◆ **Task input**
= = = =

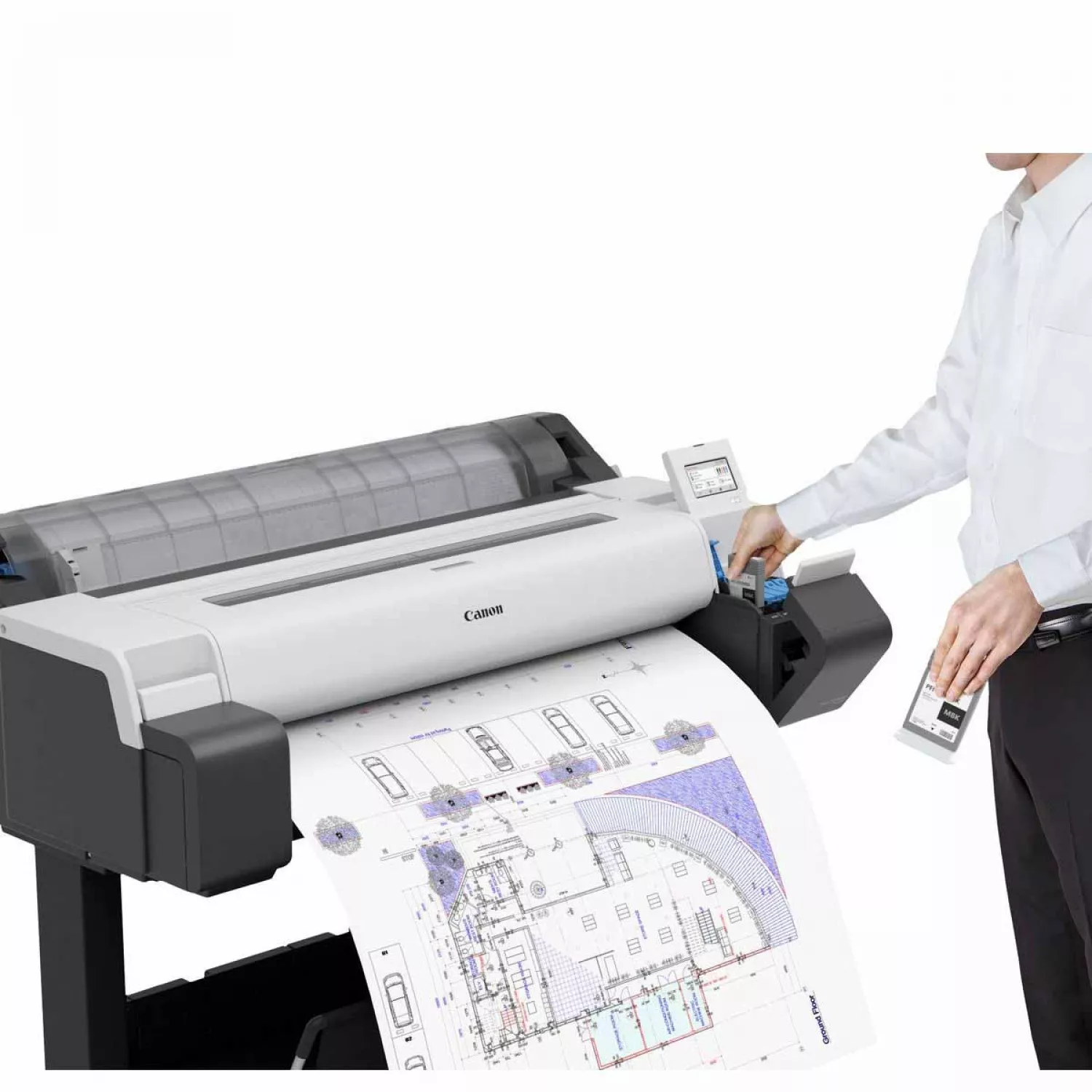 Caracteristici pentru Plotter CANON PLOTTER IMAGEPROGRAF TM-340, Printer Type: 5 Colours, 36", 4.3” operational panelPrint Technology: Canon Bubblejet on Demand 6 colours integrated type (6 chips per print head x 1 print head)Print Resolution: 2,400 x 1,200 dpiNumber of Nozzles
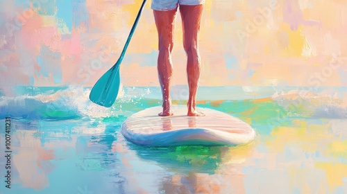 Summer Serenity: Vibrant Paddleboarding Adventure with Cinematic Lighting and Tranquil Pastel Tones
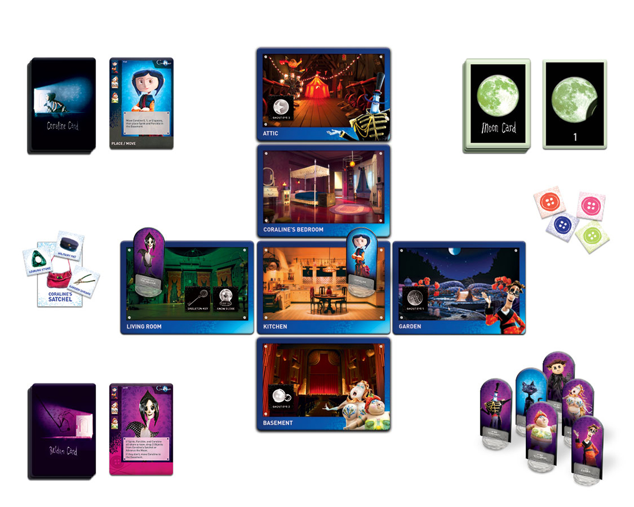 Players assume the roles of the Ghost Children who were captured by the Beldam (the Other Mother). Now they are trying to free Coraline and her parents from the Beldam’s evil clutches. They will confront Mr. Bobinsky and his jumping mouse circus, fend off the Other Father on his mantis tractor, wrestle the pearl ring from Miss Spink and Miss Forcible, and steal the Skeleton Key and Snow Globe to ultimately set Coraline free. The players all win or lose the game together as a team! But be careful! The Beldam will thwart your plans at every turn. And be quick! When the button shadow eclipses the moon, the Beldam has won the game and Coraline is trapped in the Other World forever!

= = = =

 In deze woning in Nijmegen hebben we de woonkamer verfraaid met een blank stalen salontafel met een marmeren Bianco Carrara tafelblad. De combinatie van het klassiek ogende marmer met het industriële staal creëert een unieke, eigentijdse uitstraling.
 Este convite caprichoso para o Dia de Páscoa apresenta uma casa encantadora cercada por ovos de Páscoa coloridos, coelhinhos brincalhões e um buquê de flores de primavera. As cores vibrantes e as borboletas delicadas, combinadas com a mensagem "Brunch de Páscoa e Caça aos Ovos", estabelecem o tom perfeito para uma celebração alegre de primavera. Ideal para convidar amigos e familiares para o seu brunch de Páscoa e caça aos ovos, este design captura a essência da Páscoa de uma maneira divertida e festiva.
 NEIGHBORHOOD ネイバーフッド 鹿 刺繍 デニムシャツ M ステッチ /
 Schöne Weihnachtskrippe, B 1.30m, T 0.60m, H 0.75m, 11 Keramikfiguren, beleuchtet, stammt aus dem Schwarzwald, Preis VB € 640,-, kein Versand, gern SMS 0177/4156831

= = = =

◆ **Work instruction**
The answer is the lines above from the one with "Summer Serenity: Vibrant" to the one with "Players assume the", set down exactly, with no pictures.

◆ **Answer to this problem**
 Summer Serenity: Vibrant Paddleboarding Adventure with Cinematic Lighting and Tranquil Pastel Tones
 Players assume the roles of the Ghost Children who were captured by the Beldam (the Other Mother). Now they are trying to free Coraline and her parents from the Beldam’s evil clutches. They will confront Mr. Bobinsky and his jumping mouse circus, fend off the Other Father on his mantis tractor, wrestle the pearl ring from Miss Spink and Miss Forcible, and steal the Skeleton Key and Snow Globe to ultimately set Coraline free. The players all win or lose the game together as a team! But be careful! The Beldam will thwart your plans at every turn. And be quick! When the button shadow eclipses the moon, the Beldam has won the game and Coraline is trapped in the Other World forever!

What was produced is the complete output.